LTX-Video is a DiT-based video generation model designed for real-time, high-quality video creation. It targets researchers and developers interested in advanced video synthesis, offering capabilities like text-to-video, image-to-video, and video extension, with a focus on speed and resolution.
How It Works
LTX-Video utilizes a Diffusion Transformer (DiT) architecture, enabling it to generate high-resolution videos at 30 FPS in real-time. This approach allows for faster-than-watch-time generation, a significant improvement over previous methods.
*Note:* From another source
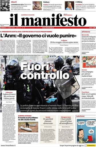 Il Manifesto: apertura con titolo "Fuori controllo". La polizia francese non rinuncia al metodo Floyd. La marcia pacifica in memoria di Adama Traoré e delle vittime delle forze dell'ordine scatena gli agenti che arrestano violentemente i manifestanti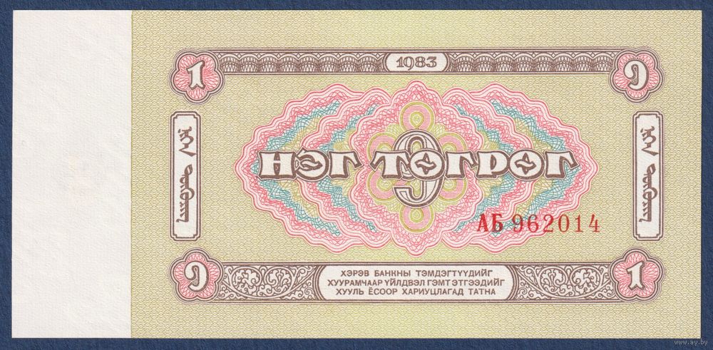 Монголия, 1 тугрик 1983 г, P-42 (AБ, главнокомандующий Дамдин Сухэ-Батор), UNC

The model is trained on a large, diverse video dataset, facilitating the creation of realistic and varied content.
Quick Start & Requirements
- Installation: Clone the repository, create a virtual environment, and install with
pip install -e .[inference-script]
.
- Dependencies: Python 3.10.5+, CUDA 12.2+, PyTorch >= 2.1.2. MPS support for macOS requires PyTorch 2.3.0 or >= 2.6.
- Model Download: Use
hf_hub_download
from Hugging Face to get the distilled or full model checkpoints.
- Inference: Run via
inference.py
script for text-to-video, image-to-video, and video extension.
- ComfyUI/Diffusers: Integrations available via separate repositories and official documentation.
- Resources: Requires significant GPU resources for local inference.
- Links: Website, Model, Demo, Paper.
Highlighted Details
- Generates 30 FPS videos at 1216x704 resolution in real-time.
- Supports text-to-video, image-to-video, keyframe animation, video extension (forward/backward), and video-to-video transformations.
- Distilled model offers 15x faster inference, supports fewer diffusion steps, and omits classifier-free guidance.
- Features automatic prompt enhancement for shorter prompts.
Maintenance & Community
- Active development with regular updates and new checkpoints.
- Community contributions are encouraged, with projects like ComfyUI-LTXTricks and LTX-VideoQ8 highlighted.
- Links to community discussions and careers page available.
Licensing & Compatibility
- Newer checkpoints (v0.9.6, v0.9.5) are released under an "Open Weights" or "OpenRail-M" license, allowing commercial use. Earlier versions may have different terms.
Limitations & Caveats
- Input video segments for extension require specific frame counts (multiple of 8 + 1).
- Optimal resolutions are under 720x1280 and frame counts below 257.
- While real-time, performance is highly dependent on hardware, especially for higher resolutions and frame counts.